**PROVIDED RECORDS**
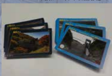
ダムカード / 東京電力ホールディングス株

◆講演会 場所：大阪府立狭山池博物館 2階ホール 無料 定員126名（当日先着順） 受付：午後1時30分から
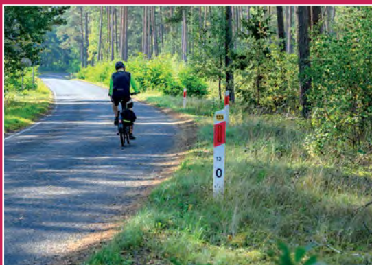
Na szlaku rowerowym Auf dem Radweg
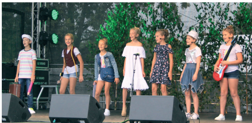
Priekules kultūras nama popgrupa priecēja klausītājus divreiz. Pirmo reizi uzstājoties torniša skatuvē pa dienu un vakarā dziedot Maestro mūzikas pavadījumā.

Aicinām Priekules novada iedzīvotājus izteikt savas domas par 16. Ikara svētku pasākumiem un norisi. Novērtēsim priekšlikumus un ierosinājumus nākamajiem 17. IKARA svētkiem. Jūsu viedoklis mums ir ļoti svarīgs! Informāciju sūtiet e-pastā priekulesavize@inbox.lv vai Priekules novada pašvaldības "Facebook" lapā. Priekules novada pašvaldības administrācija
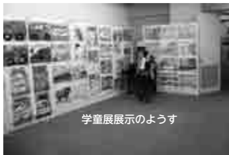
学童展示のようす

泉大津税務署では、平成23年度分の確定申告をテクスピア大阪(旭町22-45)で行います。会場では、所得税(譲渡所得を含む)、消費税、贈与税の申告書などの作成および受け付けを行います。なお、会場で納税はできませんので、お近くの金融機関をご利用ください。また、会場へは公共の交通機関をご利用ください。 開設時期 2月1日(水)～3月15日(木) 午前9時～午後5時(土・日曜、祝日を除く) ▽昼休みの時間帯は少人数の職員で対応していますので、ご了承ください。 ▽会場の都合により、午後4時ごろまでにお越しください。 ▽開設期間中、泉大津税務署庁舎内では、「作成済みの申告書などの受付」、「納税」、「納税証明書の発行」および「用紙の交付」のみを行います。 ▽会場では、パソコンを利用した申告書の作成を推進しています。 ▽お越しの際は、前年分の申告書の控えなどをご持参ください。 ▽申告書などの作成は、国税庁ホームページ「確定申告書等
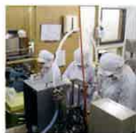
ピストン式クリーム充填機
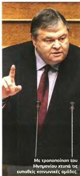
Με τροποποίηση του Μνημονίου χτυπά τις ευπαθείς κοινωνικές ομάδες.

η ελληνική κυβέρνηση φαίνεται να έχει δεσμευτεί για περικοπές κοινωνικών δαπανών όχι 1% του ΑΕΠ ή 2 δισ. ευρώ την τριετία 2013-2015, όπως αναφέρει το ψηφισθέν από τη Βουλή κείμενο, αλλά για περικοπές 1,5% του ΑΕΠ ή 3 δισ. ευρώ τη διετία 2013-2014.
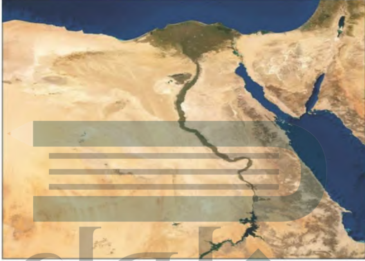
▲ مرئية فضائية لنهر النيل
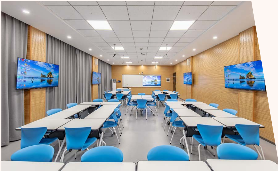
创新教学观摩空间

学校以信息技术与教育教学深度融合为突破口，大力推进数智课堂实验区建设，不断提高课程教学目标达成度和学生课堂教学满意度：
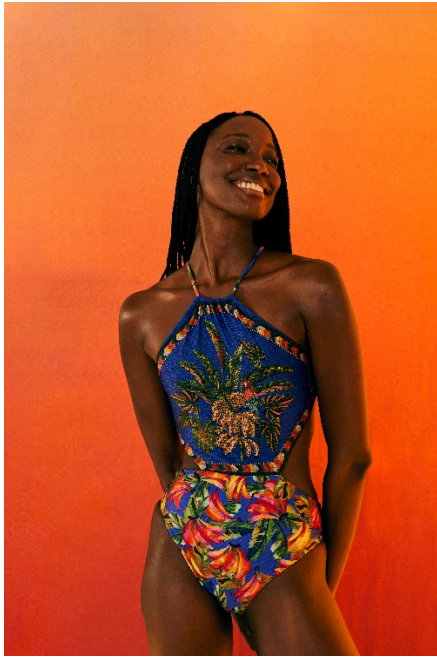
Farm Rio – Gewinner der Kategorie Colorful & Jolly
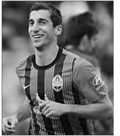
«Մխիթարյանը» մտադիր է ստանալ Ենդի Ջեյմսի վաճառքից:

Բրիտանական լրատվամիջոցների տեղեկացմամբ, «Լիվերպոլը» դասարանային է դասակարգվում առաջարկ կատարել «Շախտյորին»՝ Գերմանիայի Մխիթարյանին գնելու հարցով: Անգլիական ակումբը դասարան է հայ ֆուտբոլիստի դիմաց 22 մլն ֆունտ ստեռլինգ վճարել: Հիշեցնենք, որ վերջերս «Շախտյորի» գլխավոր մարզիչ Միրզա Լուչեսկուն հայտարարել էր, որ Մխիթարյանի սրամարդկային նվազագույն արժեքը 30 մլն եվրո է:
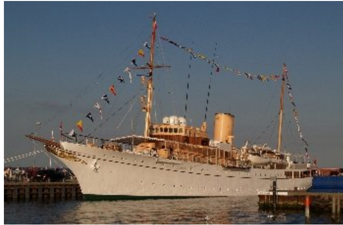
Kongeskibet Dannebrog lagde til kaj i Juelsminde Havn, klokken halv ti, den 6. juni 2008. Kongeskibet havde til aftenen vendt rundt, for at være klar til at sejle ud igen.
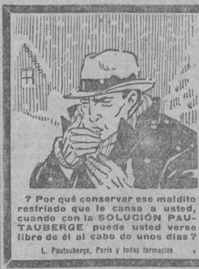
¿Por qué conservar ese malido restrido que le cansa a usted, cuando con la SOLUCIÓN PAU- TAUBERGE puede usted verse libre de él al cabo de unos días?

L. Paultauberge, París y todas farmacias.

**TASK PROMPT**
Where in the records does the word "Priekules" appear? Copy each line that holds it.

**EXERCISE RESULT**
Priekules kultūras nama popgrupa priecēja klausītājus divreiz. Pirmo reizi uzstājoties torniša skatuvē pa dienu un vakarā dziedot Maestro mūzikas pavadījumā.
Aicinām Priekules novada iedzīvotājus izteikt savas domas par 16. Ikara svētku pasākumiem un norisi. Novērtēsim priekšlikumus un ierosinājumus nākamajiem 17. IKARA svētkiem. Jūsu viedoklis mums ir ļoti svarīgs! Informāciju sūtiet e-pastā priekulesavize@inbox.lv vai Priekules novada pašvaldības "Facebook" lapā. Priekules novada pašvaldības administrācija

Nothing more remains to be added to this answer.